Incremental Migration - Running Two Orchestrators Simultaneously
The lowest-risk migration strategy for large production platforms:
# Shared Python library - used by both orchestrators
# my_pipeline/transforms.py (no orchestrator imports)
def compute_features(events: pd.DataFrame, date: str) -> pd.DataFrame:
return events.groupby("user_id").agg(...).reset_index()
# Airflow wrapper (old)
def airflow_compute_features(**context):
from my_pipeline.transforms import compute_features
...
# Dagster wrapper (new)
@asset
def user_features(raw_events):
from my_pipeline.transforms import compute_features
return compute_features(raw_events, ...)
Keep business logic in a shared library that neither orchestrator owns. Both orchestrators call the same functions. You can migrate the orchestrator wrapper without touching the transformation logic.

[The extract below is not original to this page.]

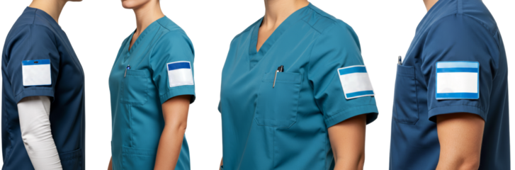 Medical scrubs displayed from multiple angles on transparent background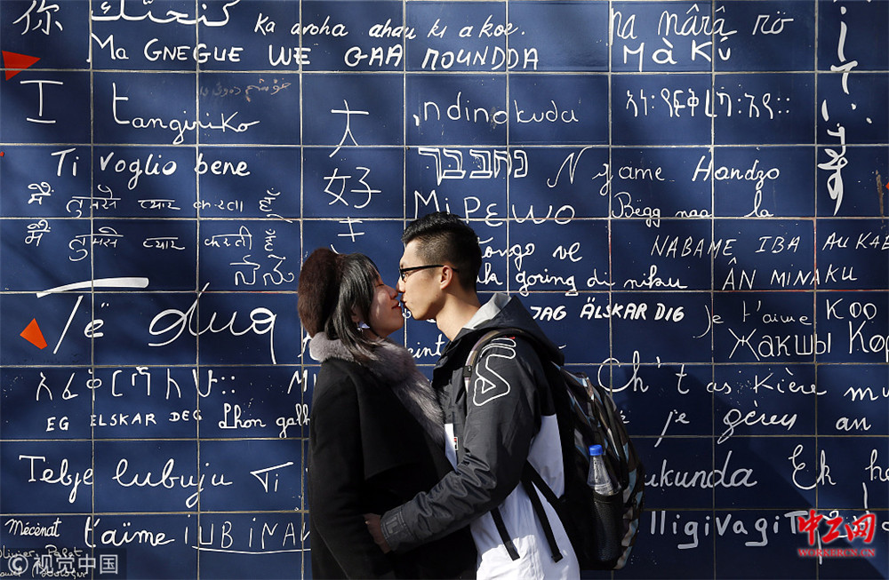 情人节巴黎街头现“爱情墙” 情侣甜蜜亲吻留念

Mermaid Diagram - Orchestrator Decision Tree
The "Good Enough" Principle
The most important principle in orchestrator selection is often the one that gets ignored in the excitement of evaluating shiny new tools: the cost of switching orchestrators is very high, so optimize for solving today's problem correctly rather than anticipated future requirements.
Every orchestrator migration involves:
- Rewriting all existing pipelines in the new framework
- Migrating or rebuilding all operator/sensor integrations
- Re-training the team on new concepts and APIs
- Running two orchestrators in parallel during the migration window
- Updating all monitoring, alerting, and on-call runbooks
- Managing the risk window where the new system is untested in production
This cost is typically 3-6 months of senior engineering time for a team with 20-30 pipelines. For a team with 200+ pipelines, it is a year-long project.
The implication: your initial orchestrator choice should be "good enough for the next 2-3 years," not "theoretically optimal." A team running 30 pipelines on Prefect with a slightly thin sensor library is better off writing custom sensors than migrating to Airflow. A team running 300 pipelines on Airflow with painful local development is better off improving their Airflow developer tooling (VS Code extensions, local DAG testing, better CI) than migrating to Prefect.
The exception to this rule is when the orchestrator choice fundamentally constrains a business requirement - not a preference. If you need native lineage tracking and data quality enforcement at scale, Dagster is not a preference - it is a requirement. If you need durable multi-week workflow execution, Temporal is not a preference - it is a requirement. Build the decision on requirements that cannot be reasonably met with your current tool, not on features that would be nice to have.
Production Engineering Notes
Evaluate on a real prototype. Before committing to an orchestrator, spend 2-3 days building a representative subset of your actual pipeline - not a toy example. Test the specific integrations you need, the local development experience, the deployment workflow, and the monitoring story. This investment prevents months of regret.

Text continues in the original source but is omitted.